* [Instructions to follow]: Could you restate the data word for word and drop the pictures?

··· Stored data ···

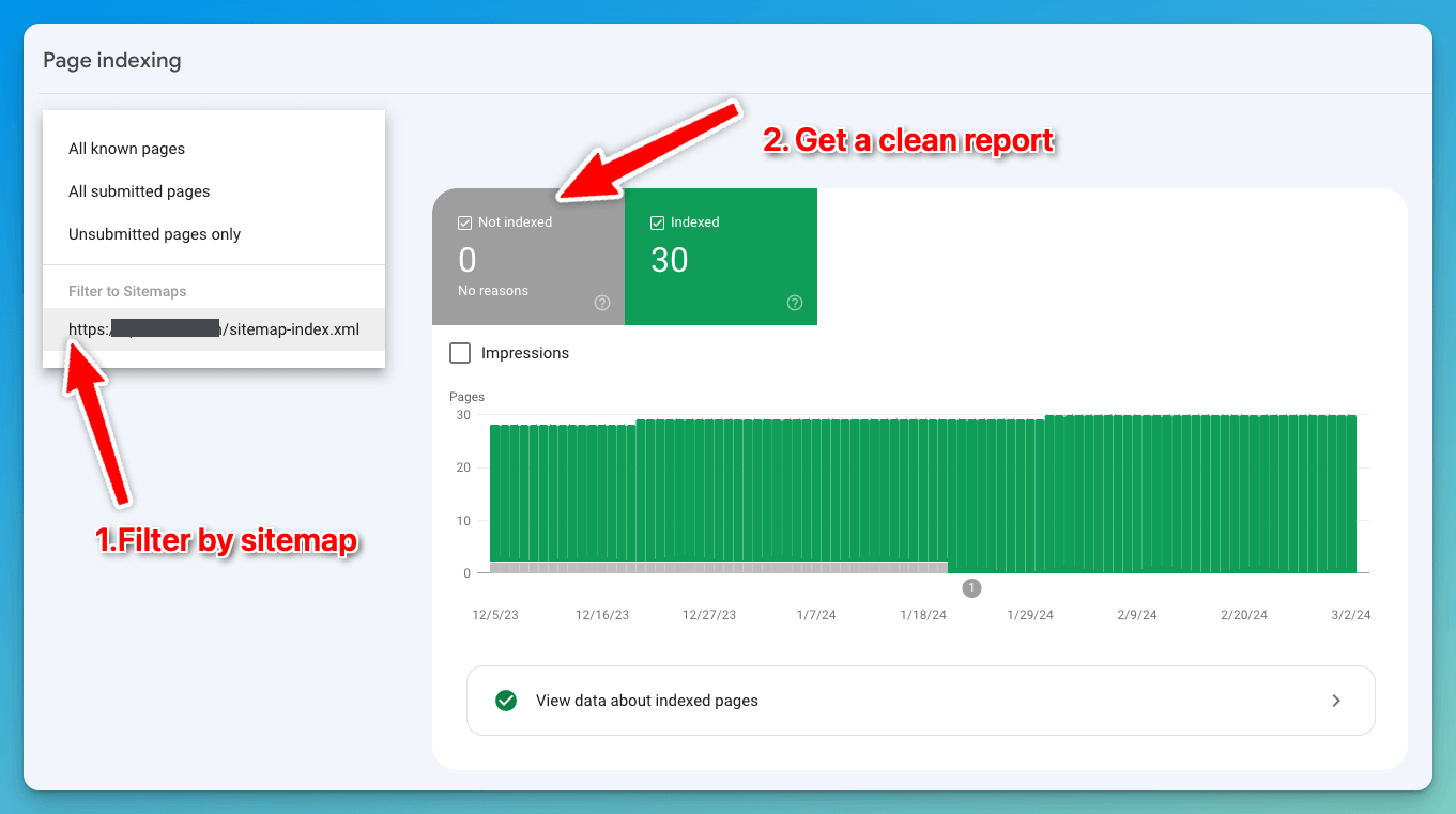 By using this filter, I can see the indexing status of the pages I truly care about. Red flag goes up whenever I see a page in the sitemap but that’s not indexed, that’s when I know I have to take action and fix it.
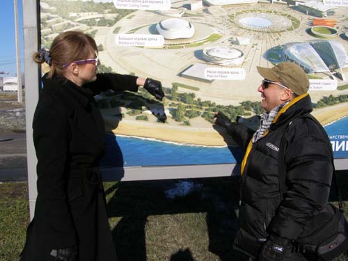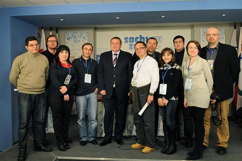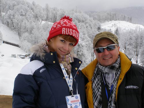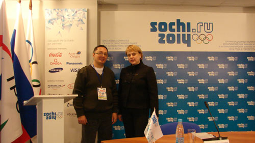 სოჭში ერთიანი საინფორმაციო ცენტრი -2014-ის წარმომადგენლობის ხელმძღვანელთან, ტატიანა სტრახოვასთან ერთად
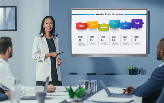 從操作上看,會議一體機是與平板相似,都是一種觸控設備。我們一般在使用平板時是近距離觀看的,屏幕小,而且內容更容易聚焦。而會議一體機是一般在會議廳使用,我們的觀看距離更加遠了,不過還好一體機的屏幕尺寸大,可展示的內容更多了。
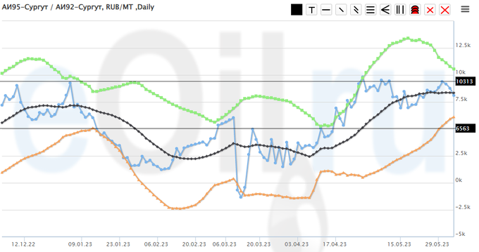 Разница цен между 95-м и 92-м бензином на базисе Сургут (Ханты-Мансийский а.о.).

···

* [Problem solution]:
 By using this filter, I can see the indexing status of the pages I truly care about. Red flag goes up whenever I see a page in the sitemap but that’s not indexed, that’s when I know I have to take action and fix it.
 სოჭში ერთიანი საინფორმაციო ცენტრი -2014-ის წარმომადგენლობის ხელმძღვანელთან, ტატიანა სტრახოვასთან ერთად
 從操作上看,會議一體機是與平板相似,都是一種觸控設備。我們一般在使用平板時是近距離觀看的,屏幕小,而且內容更容易聚焦。而會議一體機是一般在會議廳使用,我們的觀看距離更加遠了,不過還好一體機的屏幕尺寸大,可展示的內容更多了。
 Разница цен между 95-м и 92-м бензином на базисе Сургут (Ханты-Мансийский а.о.).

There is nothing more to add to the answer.